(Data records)
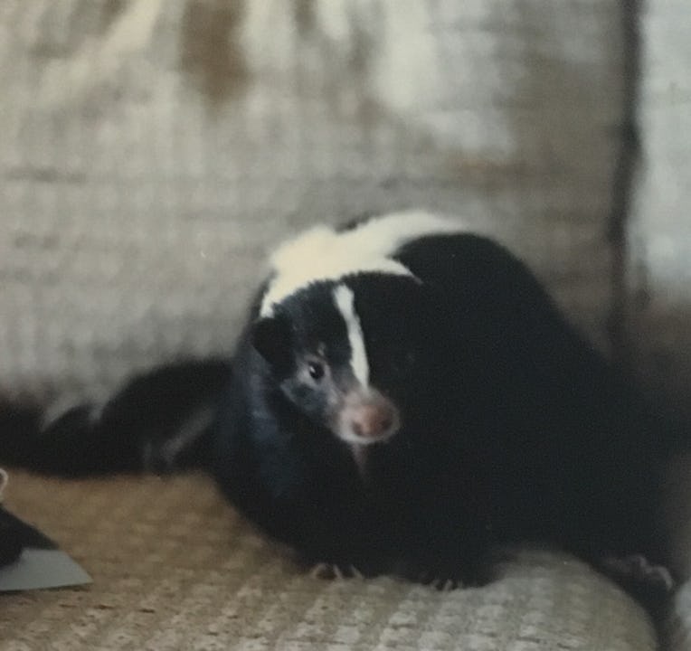 We got a skunk because our building didn’t allow dogs. There were no rules about skunks. My mother had pet skunks in Ohio, which she remembered fondly: Arpege, after the perfume; and Reesy, named after a lecture her friend gave about how pets are a "responsibility." I named my skunk Snoopy, after watching him explore the bathroom floor.
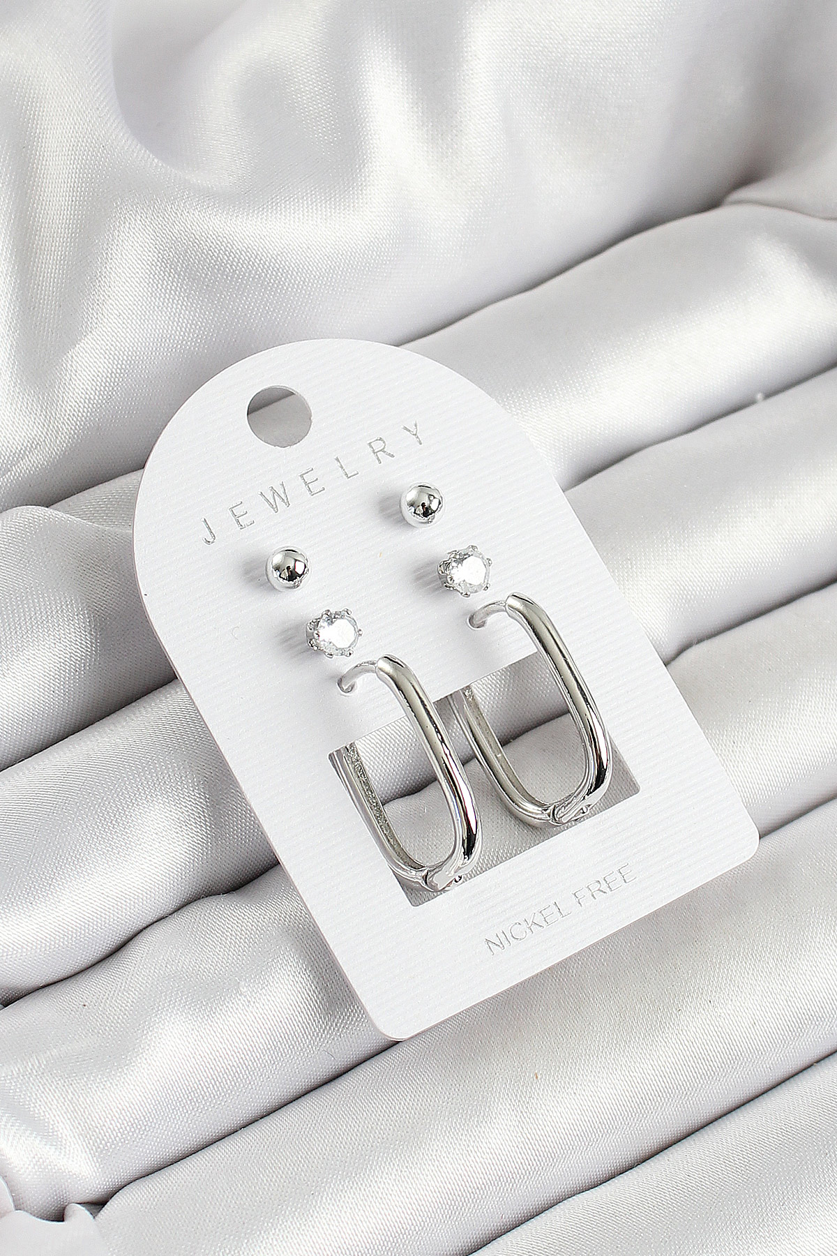 Pirinç Zirkon Taş Ve Dikdörtgen Figürlü Gümüş Renk 3’lü Çift Kadın Küpe Set
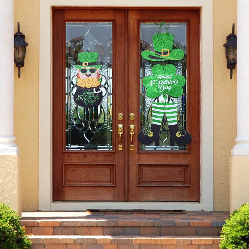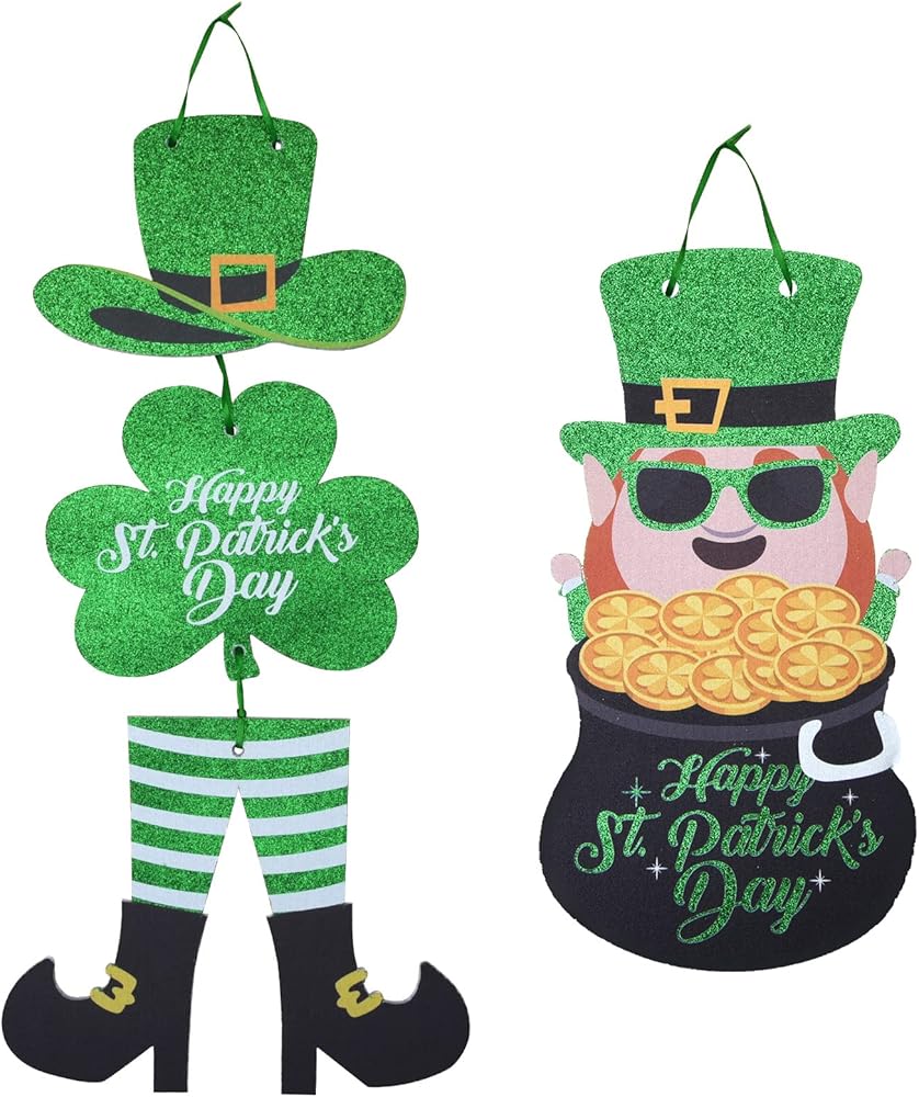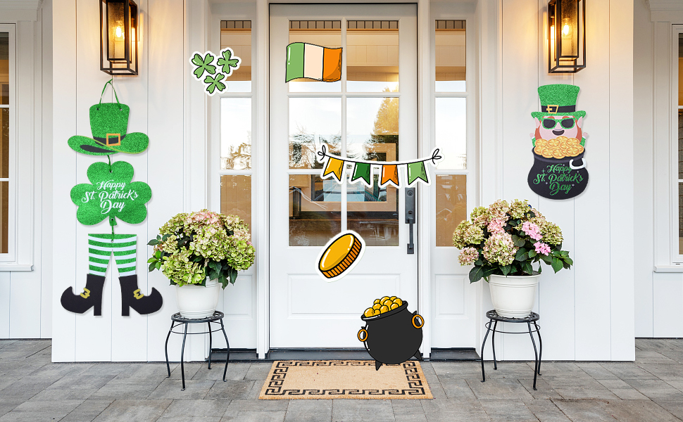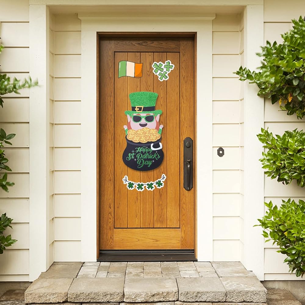 هدية عيد القديس باتريك: St. يمكن تعليق إكليل باب عيد القديس باتريك أفقيًا أو يمكنك تفكيك علامة الترحيب وتعليقها على الحائط بشكل منفصل لتزيين العطلات لجعل أصدقائك وعائلتك مليئين بالحب والحظ في عيد القديس باتريك.
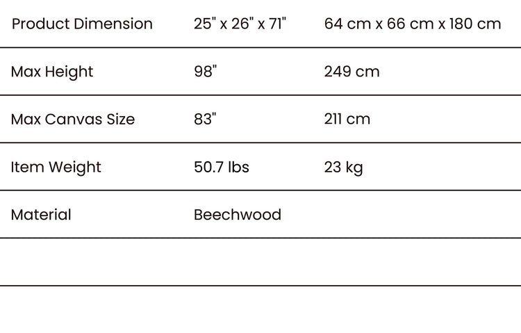 What surpasses the ordinary easel is not only the thickness of the wood but also upgraded the height adjustment method of the crank control. The maximum weight of the easel can be 41 kg/90lbs,the height can be easily adjusted by the crank not affected by item weight, and the maximum canvas height is 83".
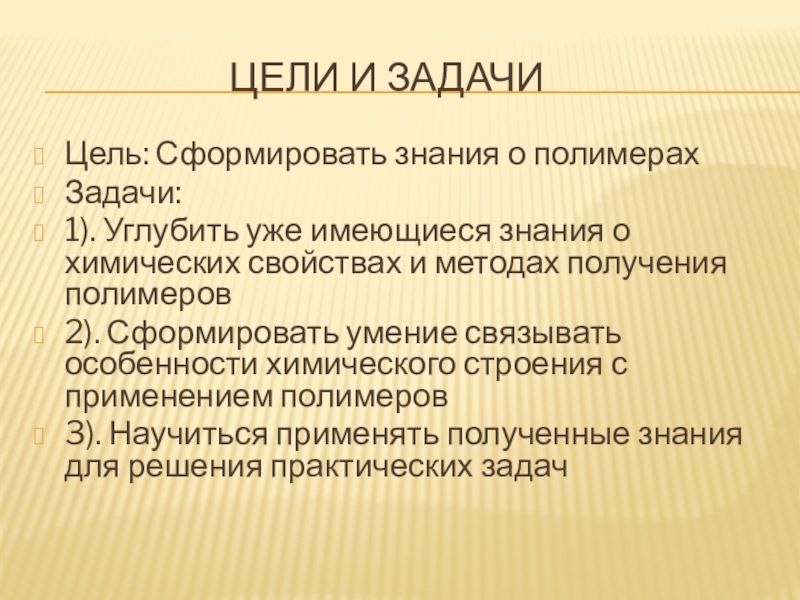 1). Углубить уже имеющиеся знания о химических свойствах и методах получения полимеров
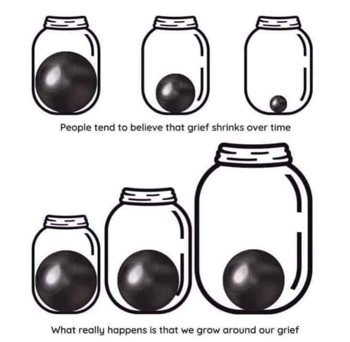 People tend to believe that grief shrinks over time. What really happens is that we grow around our grief.
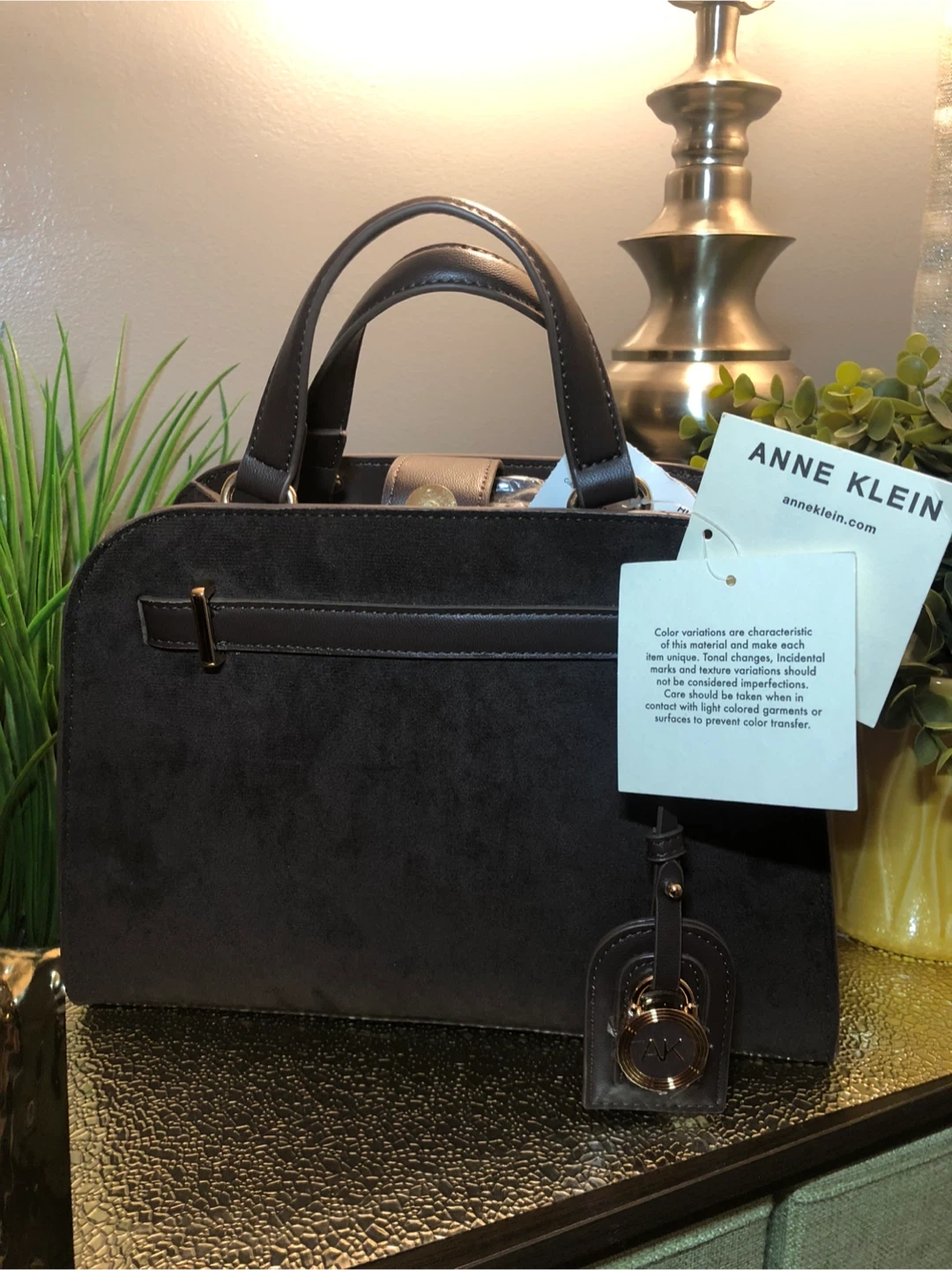 37This Anne Klein handbag is brand new with tags! It's a beautiful espresso color and features a belted satchel design. Originally bought for $85. Perfect for everyday use or a special occasion
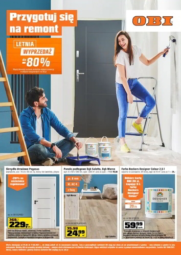 {loadposition linkObi} 'Przygotuj się na remont' - nowa gazetka promocyjna sieci marketów Obi. Polecane promocje z gazetki Obi: Skrzydło drzwiowe Pegasus - 229 zł. Panele podłogowe Dąb Saletto lub Dąb Marco m² - 24,99 zł. Farba Beckers Designer Colour…
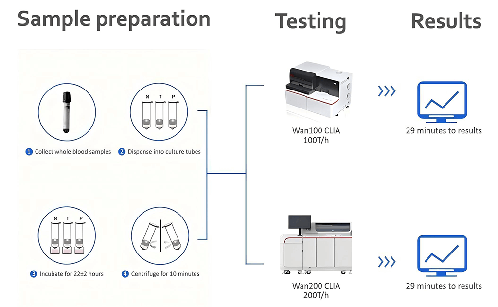 Wantai’s TB-IGRA CLIA is intended for use as an aid in the diagnosis of TB infection including both latent Tuberculosis infection and Tuberculosis disease. The test is a quantitative chemiluminescence (CLIA) assay for detection of Interferon Gamma (IFN-γ) that responds to in-vitro stimulation by Mycobacterium Tuberculosis antigens in human blood samples.
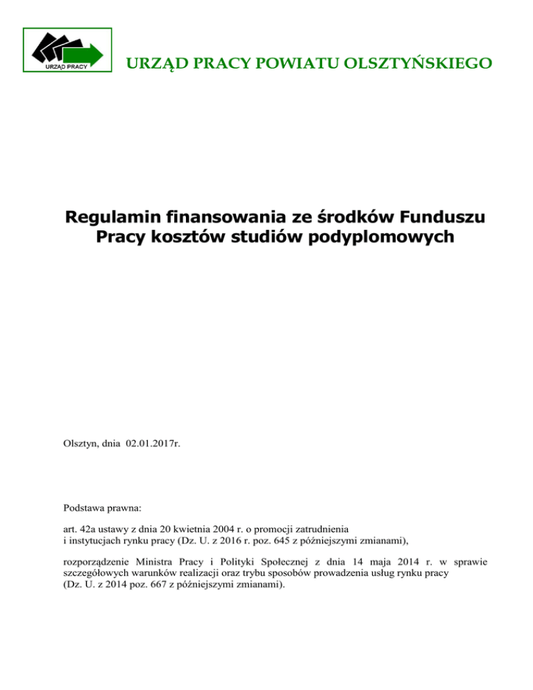 Regulamin finansowania ze środków Funduszu Pracy kosztów studiów podyplomowych Olsztyn, dnia 02.01.2017r. Podstawa prawna: art. 42a ustawy z dnia 20 kwietnia 2004 r. o promocji zatrudnienia i instytucjach rynku pracy (Dz. U. z 2016 r. poz. 645 z późniejszymi zmianami), rozporządzenie Ministra Pracy i Polityki Społecznej z dnia 14 maja 2014 r. w sprawie szczegółowych warunków realizacji oraz trybu sposobów prowadzenia usług rynku pracy (Dz. U. z 2014 poz. 667 z późniejszymi zmianami). §1 1. Starosta może finansować ze środków Funduszu Pracy koszty studiów podyplomowych podejmowanych na terenie kraju w systemie wieczorowym lub zaocznym bezrobotnemu. 2. Warunkiem pozytywnego rozpatrzenia wniosku jest min. uprawdopodobnienie przez bezrobotnego, że ukończenie wskazanych studiów zapewni uzyskanie odpowiedniej pracy lub podjęcie działalności gospodarczej. 3. Uprawdopodobnienie, o którym mowa w ust. 2 następuje: - w wyniku złożenia przez pracodawcę pisemnej deklaracji zatrudnienia bezrobotnego. - w wyniku złożenia przez bezrobotnego pisemnej deklaracji dotyczącej rozpoczęcia działalności gospodarczej lub - na podstawie prognoz dotyczących rynku pracy. §2 1. Finansowanie, o którym mowa w § 1 ust. 1 przysługuje osobie bezrobotnej zarejestrowanej w urzędzie pracy, która: 1) posiada wykształcenie wyższe, 2) nie przekroczyła wysokości dochodu na osobę w rodzinie w rozumieniu przepisów o pomocy społecznej, uprawniającego do świadczeń z pomocy społecznej, 3) w okresie 12 miesięcy przed dniem złożenia wniosku nie odrzuciła bez uzasadnionej przyczyny propozycji odpowiedniego zatrudnienia, innej pracy zarobkowej, szkolenia, przygotowania zawodowego dorosłych, wykonywania prac interwencyjnych lub robót publicznych, 4) złożyła przed dniem podjęcia studiów podyplomowych wniosek o finansowanie studiów podyplomowych, 5) uprawdopodobniła zatrudnienie, inną pracę zarobkową lub samozatrudnienie po zakończeniu nauki, 6) w dniu rozpoczęcia studiów podyplomowych była osobą bezrobotną. §3 1. Osoba bezrobotna składa wniosek o finansowanie kosztów studiów podyplomowych zawierający: 1) imię i nazwisko oraz numer PESEL osoby wnioskującej, a w przypadku cudzoziemca numer dokumentu stwierdzającego tożsamość, i adres zamieszkania tej osoby; 2) nazwę i termin realizacji studiów podyplomowych oraz nazwę i adres organizatora; 3) koszt studiów podyplomowych; 4) uzasadnienie potrzeby udzielenia tej formy pomocy. 2. Do wniosku o finansowanie studiów podyplomowych, o którym mowa w § 3 ust. 1 bezrobotny jest zobowiązany dołączyć: 1) zaświadczenie z uczelni potwierdzające termin rozpoczęcia studiów podyplomowych, kierunek, wysokość opłaty za studia oraz system i terminy płatności; 2) oświadczenie bezrobotnego, określające wysokość dochodu w rodzinie za miesiąc poprzedzający złożenie wniosku; 3) deklarację pracodawcy zapewniającego zatrudnienie po ukończeniu studiów podyplomowych. 3. Przy ocenie wniosku urząd bierze pod uwagę: 1) okres bezrobocia wnioskodawcy, 2) zapotrzebowanie pracodawców na pracowników posiadających kwalifikacje uzyskane po zakończeniu studiów, 3) sytuację materialną wnioskodawcy, 4) wielkość środków Funduszu Pracy przeznaczonych na finansowanie bezrobotnym studiów podyplomowych; 5) możliwość aktywizacji w ramach innych form pomocy, w tym posiadanych ofert pracy. 4. O uwzględnieniu lub odmowie uwzględnienia wniosku Urząd Pracy powiadamia bezrobotnego w formie pisemnej w terminie 30 dni od dnia złożenia wniosku. 5. Wnioski niekompletne lub nieprawidłowo wypełnione nie zostaną uwzględnione. §4 1. Starosta zawiera z bezrobotnym umowę na finansowanie kosztów studiów podyplomowych. 2. Zawierając umowę osoba bezrobotna zobowiązuje się m.in. do: 1) zwrotu finansowania kosztów studiów podyplomowych w przypadku nieukończenia lub przerwania studiów podyplomowych z winy osoby korzystającej z finansowania tych studiów; 2) powiadomienia urzędu pracy o podjęciu, kontynuowaniu na kolejnych semestrach i ukończeniu studiów podyplomowych oraz przedstawienia dyplomu ukończenia tych studiów. §5 1. Finansowanie studiów podyplomowych przyznaje się na wniosek osoby bezrobotnej w wysokości do 100% kosztów studiów podyplomowych, nie więcej jednak niż 300% przeciętnego wynagrodzenia. 2. Bezrobotnemu, któremu zostało przyznane finansowanie kosztów studiów podyplomowych, za okres uczestnictwa w zajęciach przewidzianych programem studiów przysługuje stypendium w wysokości 20 % zasiłku. 3. W przypadku podjęcia przez uczestnika studiów podyplomowych zatrudnienia, innej pracy zarobkowej lub działalności gospodarczej w trakcie ich odbywania, nie zawiesza się finansowania tych studiów, jak również nie zawiesza się wypłaty stypendium, o którym mowa w § 5 ust.2, do planowanego terminu ich ukończenia. 4. W przypadku przerwania studiów podyplomowych z winy uczestnika, kwota wydatkowana na ich finansowanie z Funduszu Pracy podlega zwrotowi. 5. Uczestnikowi studiów podyplomowych, który w trakcie ich trwania podjął zatrudnienie, inną pracę zarobkową lub działalność gospodarczą, przysługuje odszkodowanie z tytułu ubezpieczenia od następstw nieszczęśliwych wypadków powstałych w związku ze studiami podyplomowymi oraz w drodze do miejsca studiów i z powrotem, wypłacane przez instytucję ubezpieczeniową, w której uczestnik ten został ubezpieczony. 6. Starosta ubezpiecza ze środków Funduszu Pracy uczestnika studiów podyplomowych, o którym mowa w § 5 ust. 5 od następstw nieszczęśliwych wypadków, z wyłączeniem przypadku, gdy uczestnik posiada już takie ubezpieczenie. 7. W ramach przyznanego bezrobotnemu finansowania studiów podyplomowych, Urząd Pracy dokonuje wpłaty na wskazane konto uczelni, w uzgodnieniu z uczelnią (wpłaty ratalne lub jednorazowo). 8. Urząd nie finansuje kosztów przejazdu z miejsca zamieszkania do miejsca

**What to work on**
I'd like the lines above repeated exactly, from the one that contains "People tend to" through the one that contains "Wantai’s TB-IGRA CLIA", with no pictures.

**Expected answer**
 People tend to believe that grief shrinks over time. What really happens is that we grow around our grief.
 37This Anne Klein handbag is brand new with tags! It's a beautiful espresso color and features a belted satchel design. Originally bought for $85. Perfect for everyday use or a special occasion
 {loadposition linkObi} 'Przygotuj się na remont' - nowa gazetka promocyjna sieci marketów Obi. Polecane promocje z gazetki Obi: Skrzydło drzwiowe Pegasus - 229 zł. Panele podłogowe Dąb Saletto lub Dąb Marco m² - 24,99 zł. Farba Beckers Designer Colour…
 Wantai’s TB-IGRA CLIA is intended for use as an aid in the diagnosis of TB infection including both latent Tuberculosis infection and Tuberculosis disease. The test is a quantitative chemiluminescence (CLIA) assay for detection of Interferon Gamma (IFN-γ) that responds to in-vitro stimulation by Mycobacterium Tuberculosis antigens in human blood samples.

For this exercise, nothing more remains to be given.